Data provided:
# # # #
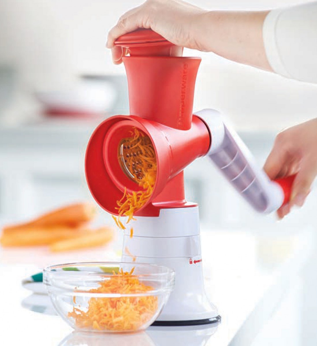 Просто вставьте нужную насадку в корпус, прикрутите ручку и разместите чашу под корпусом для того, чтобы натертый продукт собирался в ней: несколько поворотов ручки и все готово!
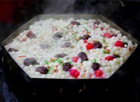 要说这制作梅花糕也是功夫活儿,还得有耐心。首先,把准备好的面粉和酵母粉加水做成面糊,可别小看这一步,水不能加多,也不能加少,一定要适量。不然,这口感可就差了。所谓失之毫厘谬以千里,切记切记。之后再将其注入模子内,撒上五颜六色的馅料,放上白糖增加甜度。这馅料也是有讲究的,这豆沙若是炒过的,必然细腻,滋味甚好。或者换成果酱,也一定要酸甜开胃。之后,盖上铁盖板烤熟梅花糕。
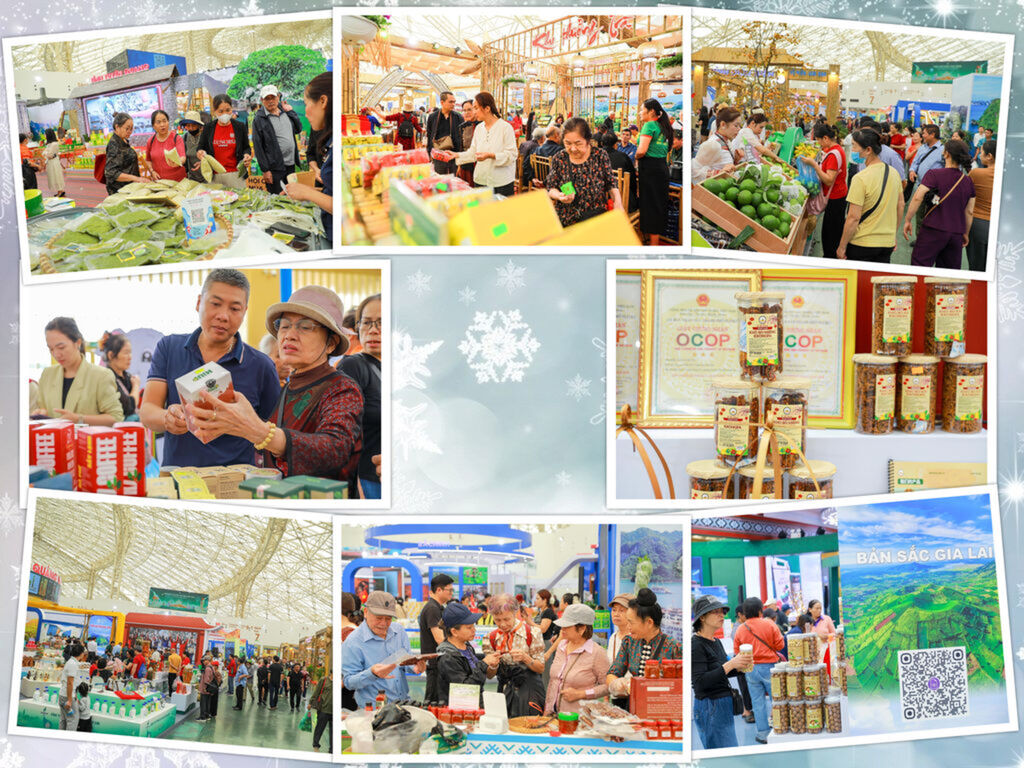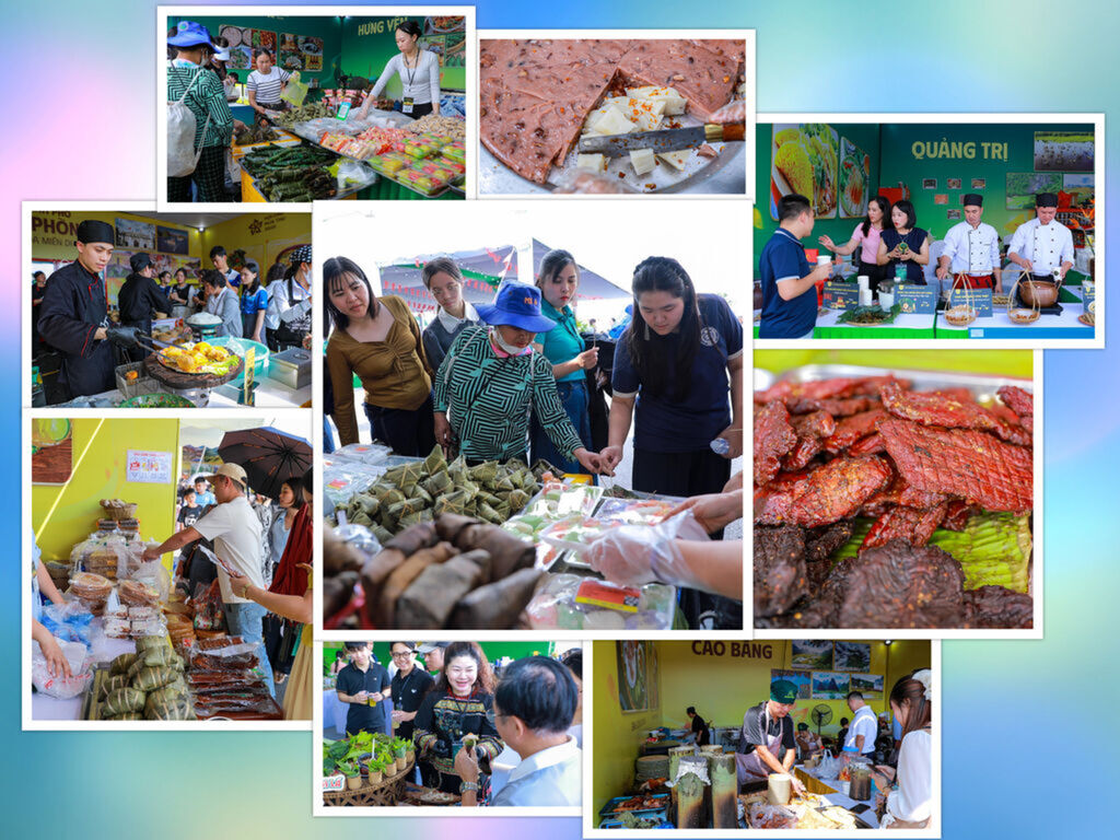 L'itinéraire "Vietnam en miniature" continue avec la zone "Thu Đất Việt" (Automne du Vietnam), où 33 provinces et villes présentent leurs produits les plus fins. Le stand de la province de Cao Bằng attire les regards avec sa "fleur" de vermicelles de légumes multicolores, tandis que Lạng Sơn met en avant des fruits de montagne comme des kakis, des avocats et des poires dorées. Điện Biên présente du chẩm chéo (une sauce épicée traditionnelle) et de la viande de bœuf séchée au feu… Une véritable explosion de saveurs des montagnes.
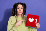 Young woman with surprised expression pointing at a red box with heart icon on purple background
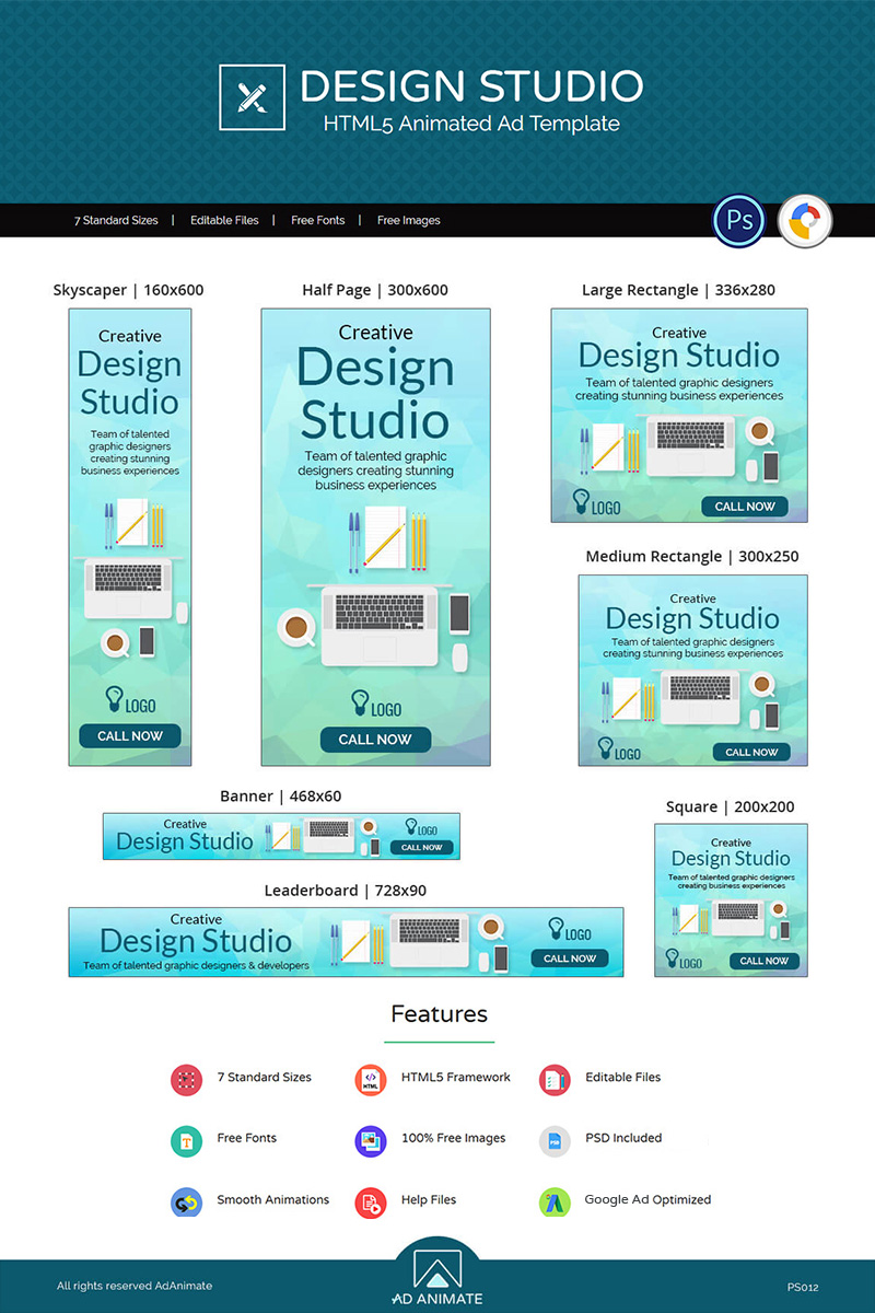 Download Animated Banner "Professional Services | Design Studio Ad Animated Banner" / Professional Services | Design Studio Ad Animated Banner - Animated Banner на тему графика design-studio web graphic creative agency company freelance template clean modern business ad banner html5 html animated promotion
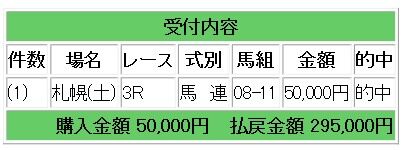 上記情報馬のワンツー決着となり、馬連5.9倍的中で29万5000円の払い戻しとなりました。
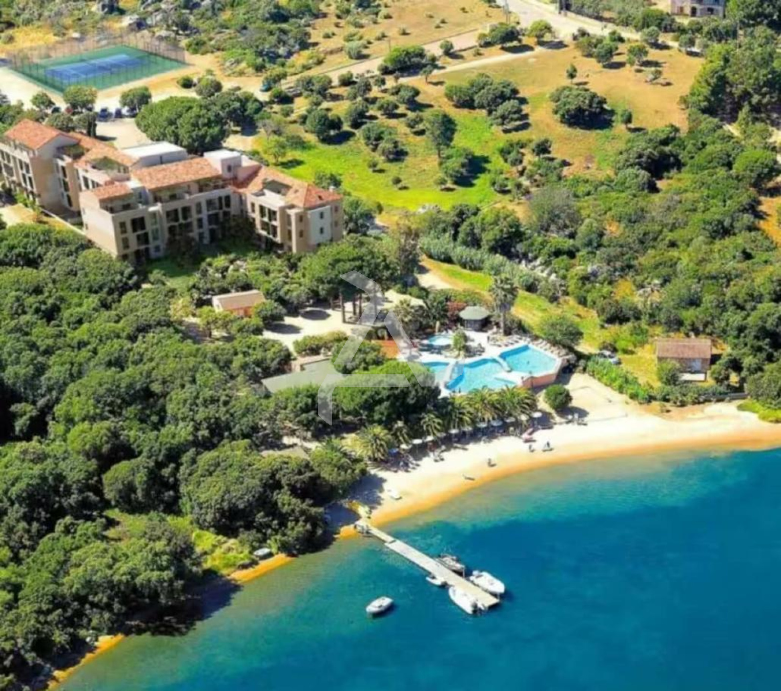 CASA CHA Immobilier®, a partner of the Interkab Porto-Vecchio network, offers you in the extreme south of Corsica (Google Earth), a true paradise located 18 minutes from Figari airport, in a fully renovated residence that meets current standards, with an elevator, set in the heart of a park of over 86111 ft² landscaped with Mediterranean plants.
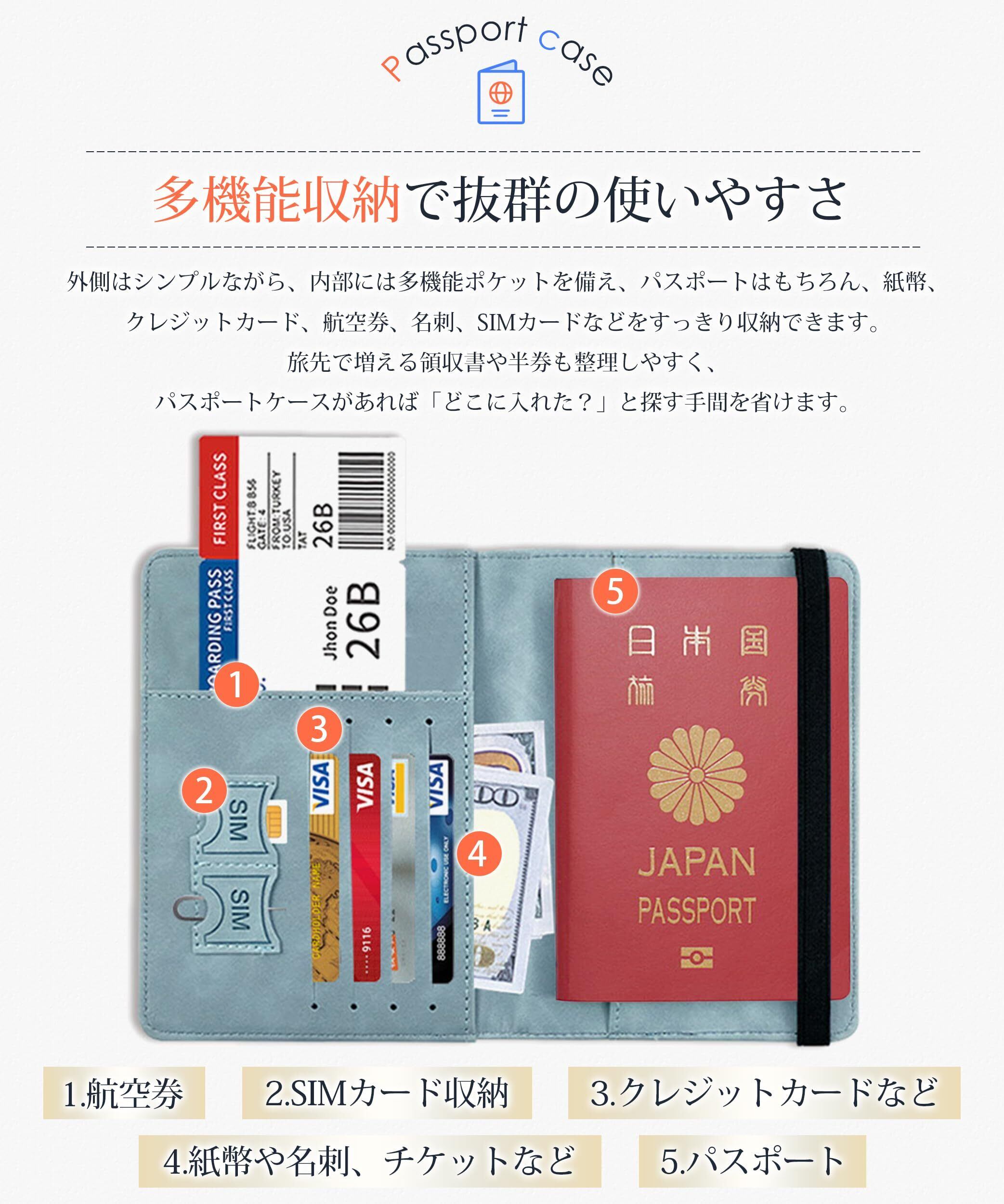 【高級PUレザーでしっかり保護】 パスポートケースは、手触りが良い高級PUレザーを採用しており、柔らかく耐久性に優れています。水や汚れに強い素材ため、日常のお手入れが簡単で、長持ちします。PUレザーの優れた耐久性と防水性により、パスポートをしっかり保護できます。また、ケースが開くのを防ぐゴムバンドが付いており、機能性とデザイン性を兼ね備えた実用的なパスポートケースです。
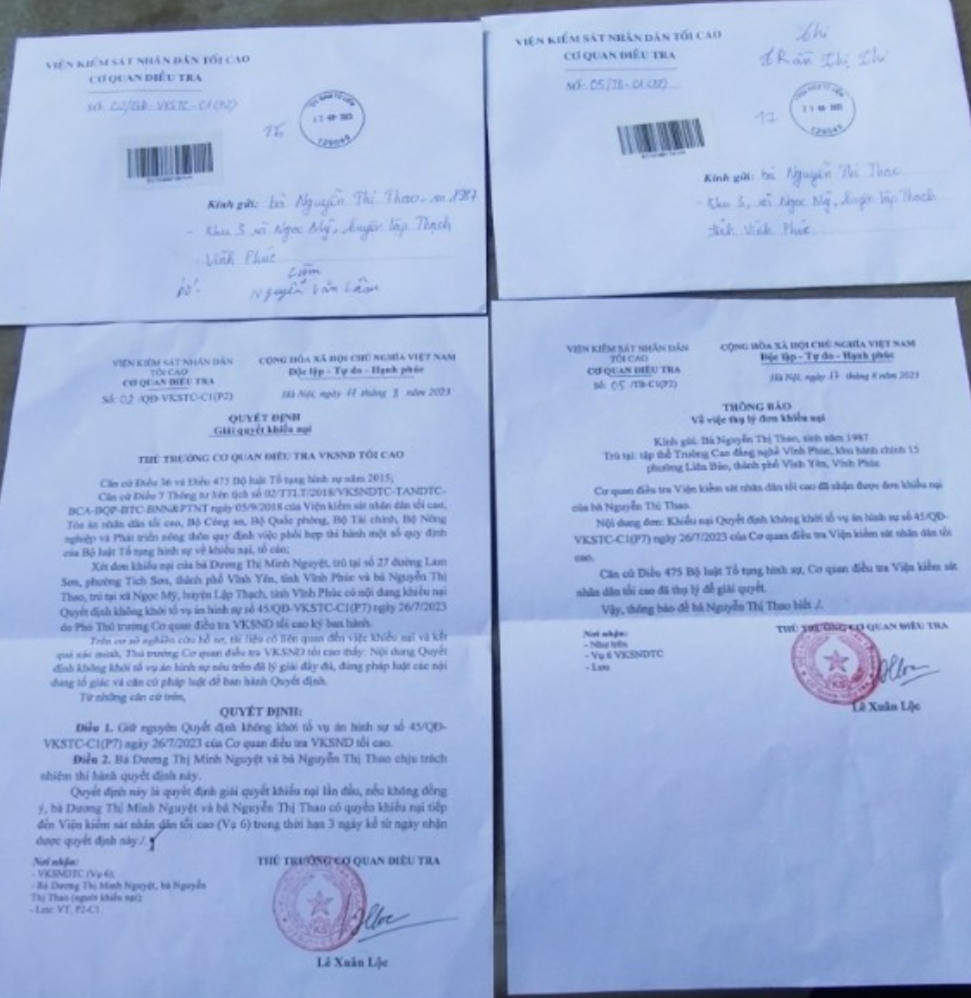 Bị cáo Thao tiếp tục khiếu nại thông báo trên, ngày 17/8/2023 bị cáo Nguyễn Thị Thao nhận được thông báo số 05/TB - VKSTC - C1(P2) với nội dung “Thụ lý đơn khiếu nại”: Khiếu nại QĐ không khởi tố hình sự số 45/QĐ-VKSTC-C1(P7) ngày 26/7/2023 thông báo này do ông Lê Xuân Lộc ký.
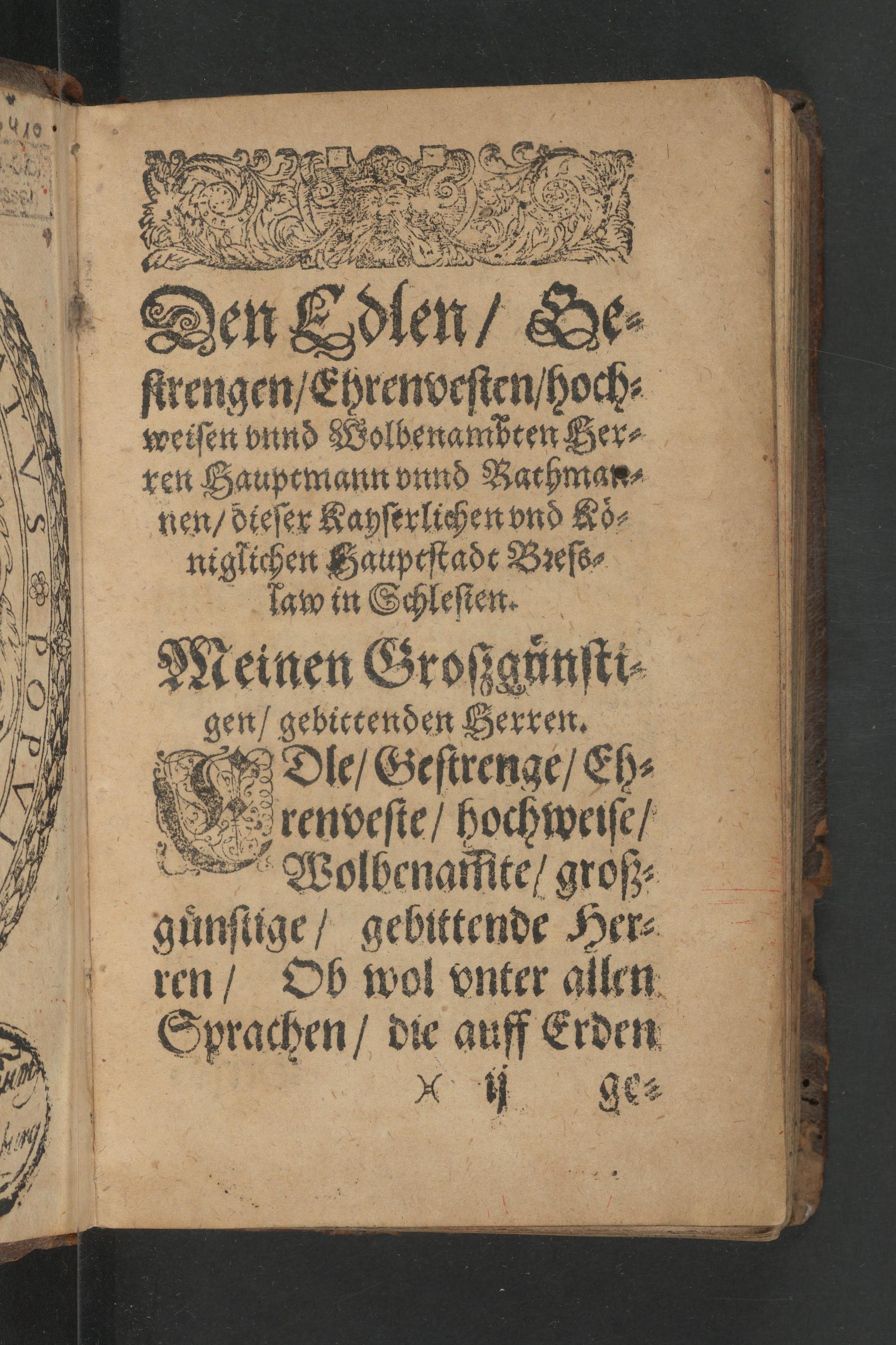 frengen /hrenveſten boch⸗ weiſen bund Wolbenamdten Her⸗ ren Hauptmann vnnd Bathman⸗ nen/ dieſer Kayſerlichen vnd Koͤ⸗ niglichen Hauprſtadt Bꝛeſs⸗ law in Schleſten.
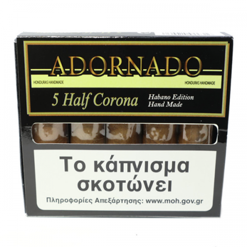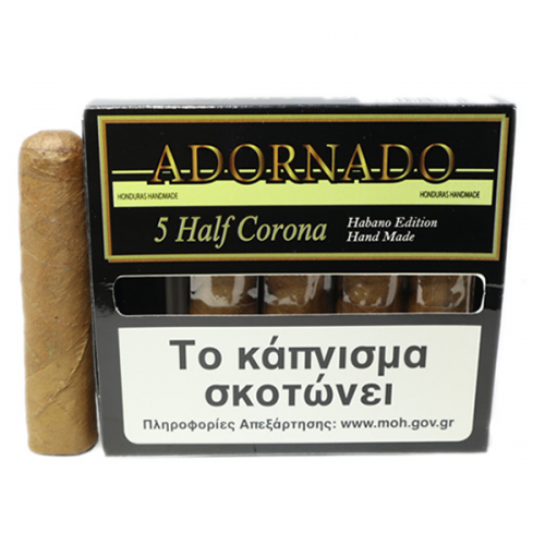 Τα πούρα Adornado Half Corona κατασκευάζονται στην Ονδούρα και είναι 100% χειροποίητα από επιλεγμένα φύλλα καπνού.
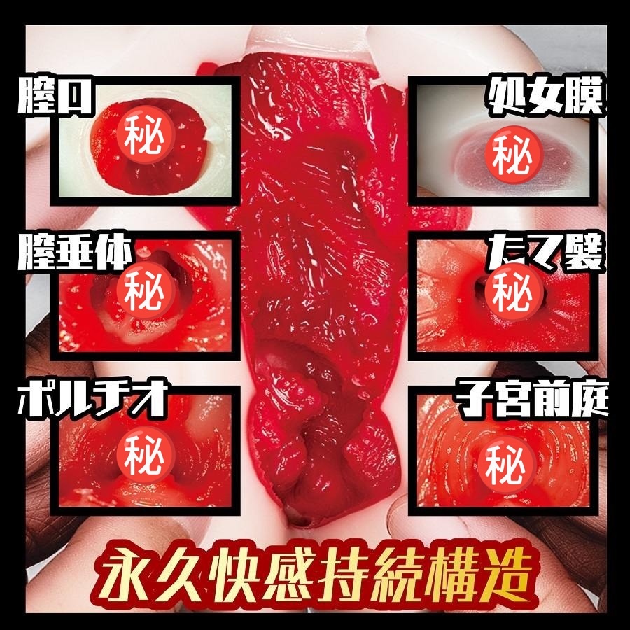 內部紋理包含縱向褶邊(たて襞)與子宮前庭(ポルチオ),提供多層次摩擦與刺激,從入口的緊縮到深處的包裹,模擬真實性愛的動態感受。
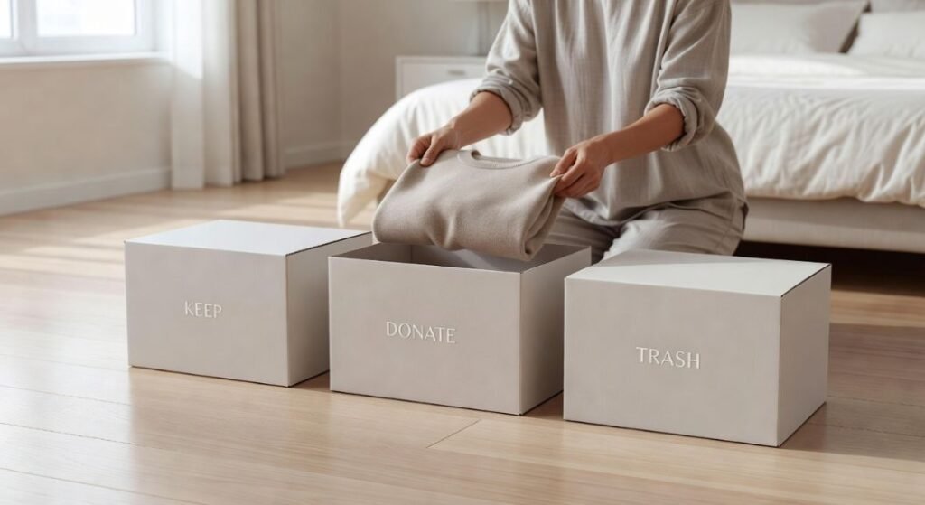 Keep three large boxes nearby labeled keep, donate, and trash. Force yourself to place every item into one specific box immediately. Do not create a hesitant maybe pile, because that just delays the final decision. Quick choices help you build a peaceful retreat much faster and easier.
# # # #
Exercise aim:
Without any picture, return exactly the lines of the records above from the first through the line that contains "CASA CHA Immobilier®, a".

Exercise output:
 Просто вставьте нужную насадку в корпус, прикрутите ручку и разместите чашу под корпусом для того, чтобы натертый продукт собирался в ней: несколько поворотов ручки и все готово!
 要说这制作梅花糕也是功夫活儿,还得有耐心。首先,把准备好的面粉和酵母粉加水做成面糊,可别小看这一步,水不能加多,也不能加少,一定要适量。不然,这口感可就差了。所谓失之毫厘谬以千里,切记切记。之后再将其注入模子内,撒上五颜六色的馅料,放上白糖增加甜度。这馅料也是有讲究的,这豆沙若是炒过的,必然细腻,滋味甚好。或者换成果酱,也一定要酸甜开胃。之后,盖上铁盖板烤熟梅花糕。
 L'itinéraire "Vietnam en miniature" continue avec la zone "Thu Đất Việt" (Automne du Vietnam), où 33 provinces et villes présentent leurs produits les plus fins. Le stand de la province de Cao Bằng attire les regards avec sa "fleur" de vermicelles de légumes multicolores, tandis que Lạng Sơn met en avant des fruits de montagne comme des kakis, des avocats et des poires dorées. Điện Biên présente du chẩm chéo (une sauce épicée traditionnelle) et de la viande de bœuf séchée au feu… Une véritable explosion de saveurs des montagnes.
 Young woman with surprised expression pointing at a red box with heart icon on purple background
 Download Animated Banner "Professional Services | Design Studio Ad Animated Banner" / Professional Services | Design Studio Ad Animated Banner - Animated Banner на тему графика design-studio web graphic creative agency company freelance template clean modern business ad banner html5 html animated promotion
 上記情報馬のワンツー決着となり、馬連5.9倍的中で29万5000円の払い戻しとなりました。
 CASA CHA Immobilier®, a partner of the Interkab Porto-Vecchio network, offers you in the extreme south of Corsica (Google Earth), a true paradise located 18 minutes from Figari airport, in a fully renovated residence that meets current standards, with an elevator, set in the heart of a park of over 86111 ft² landscaped with Mediterranean plants.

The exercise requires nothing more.